通常在這種情況下,使用類似conduit. 特別是,將輸入讀取為位元組流并將這些位元組決議為數字將是最佳解決方案。話雖如此,在問題描述中對每個陣列的寬度有嚴格的要求,因此我們可以將輸入逐行讀取為 aByteString然后決議每行中的數字(為簡單起見假設為無符號)并寫入這些數字同時進入陣列。這確保在這個階段我們將只分配結果陣列和一行作為位元組序列。這可以通過像 那樣的決議庫來完成attoparsec,但問題很簡單,只需臨時進行即可。
type Val = Word
readMatrix :: Int -> Int -> IO (Matrix P Val)
readMatrix n m = createArrayS_ (Sz2 n m) readMMatrix
readMMatrix :: MMatrix RealWorld P Val -> IO ()
readMMatrix mat =
loopM_ 0 (< n) ( 1) $ \i -> do
line <- BS.getLine
--- ^ reads at most 10Mb because it is known that input will be at most
-- 5*10^5 Words: 19 digits max per Word and one for space: 5*10^5 * 20bytes
loopM 0 (< m) ( 1) line $ \j bs ->
let (word, bs') = parseWord bs
in bs' <$ write_ mat (i :. j) word
where
Sz2 n m = sizeOfMArray mat
isSpace = (== 32)
isDigit w8 = w8 >= 48 && w8 <= 57
parseWord bs =
case BS.uncons bs of
Just (w8, bs')
| isDigit w8 -> parseWordLoop (fromIntegral (w8 - 48)) bs'
| otherwise -> error $ "Unexpected byte: " show w8
Nothing -> error "Unexpected end of input"
parseWordLoop !acc bs =
case BS.uncons bs of
Nothing -> (acc, bs)
Just (w8, bs')
| isSpace w8 -> (acc, bs')
| isDigit w8 -> parseWordLoop (acc * 10 fromIntegral (w8 - 48)) bs'
| otherwise -> error $ "Unexpected byte: " show w8
解決
這是我們實施實際解決方案的步驟。
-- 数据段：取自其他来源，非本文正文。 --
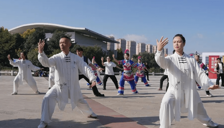 以拳會友,共展太極與樂作舞風采 兩岸師生分別在學校有鳴潭廣場、國門青年友誼廣場、圖書館習練太極拳與國家非物質文化遺產、雲南紅河傳統民間舞蹈——樂作舞,現場氣氛熱烈,兩岸師生相互學習、相互交流,在舞蹈與拳法的交融中,感受著中華傳統文化的博大精深。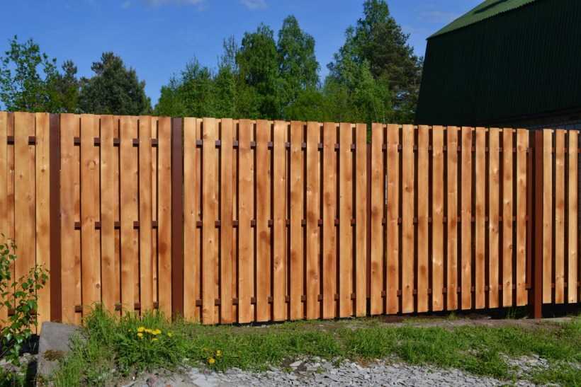 Наиболее распространенными являются заборы с вертикальными планками. Установка таких деревянных заборов осуществляется на ригели, то есть горизонтальные элементы, изготовленные из стальных профилей или деревянных кромок.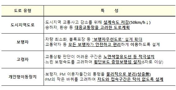 국토부에서는 보행자, 고령운전자, 개인형 이동장치(PM)의 안전환경을 고려하여 도로를 설계할 수 있도록 ’21년 3월 ?사람중심도로 설계지침?을 제정한 바 있다.

我沒有嘗試修復這個 SO 問題中提供的解決方案,而是繼續翻譯了問題中鏈接的C 解決方案。我走這條路的原因有兩個:
- C 解決方案是非常必要的,我想證明命令式陣列操作對 Haskell 來說并不是那么陌生,所以我嘗試創建一個盡可能接近的翻譯。
- 我知道解決方案有效
請注意,應該可以使用arraypackage重寫下面的解決方案,因為最終需要的只是read,write和allocate操作。
computeSortBy ::
(Load r Ix1 e, Manifest r' e)
=> (e -> e -> Ordering)
-> Vector r e
-> Vector r' e
computeSortBy f vec =
withLoadMArrayST_ vec $ quicksortByM_ (\x y -> pure $ f x y) trivialScheduler_
solve :: Matrix P Val -> Maybe (Int, [Color])
solve a = runST $ do
let sz@(Sz2 n m) = size a
ord :: Vector P Int
ord = computeSortBy
(\x y -> compare (a ! (y :. 0)) (a ! (x :. 0))) (0 ..: n)
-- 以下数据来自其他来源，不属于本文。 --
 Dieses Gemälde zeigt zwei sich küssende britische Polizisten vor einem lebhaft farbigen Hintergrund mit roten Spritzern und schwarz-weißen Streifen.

mxl <- newMArray @P sz minBound
loopM_ (n - 1) (>= 0) (subtract 1) $ \ i ->
loopM_ 0 (< m) ( 1) $ \j -> do
writeM mxl (i :. j) (a ! ((ord ! i) :. j))
when (i < n - 1) $
writeM mxl (i :. j)
=<< max <$> readM mxl (i :. j) <*> readM mxl (i 1 :. j)
when (j > 0) $
writeM mxl (i :. j)
=<< max <$> readM mxl (i :. j) <*> readM mxl (i :. j - 1)
mnr <- newMArray @P sz maxBound
loopM_ (n - 1) (>= 0) (subtract 1) $ \ i ->
loopM_ (m - 1) (>= 0) (subtract 1) $ \ j -> do
writeM mnr (i :. j) (a ! ((ord ! i) :. j))
when (i < n - 1) $
writeM mnr (i :. j)
=<< min <$> readM mnr (i :. j) <*> readM mnr (i 1 :. j)
when (j < m - 1) $
writeM mnr (i :. j)
=<< min <$> readM mnr (i :. j) <*> readM mnr (i :. j 1)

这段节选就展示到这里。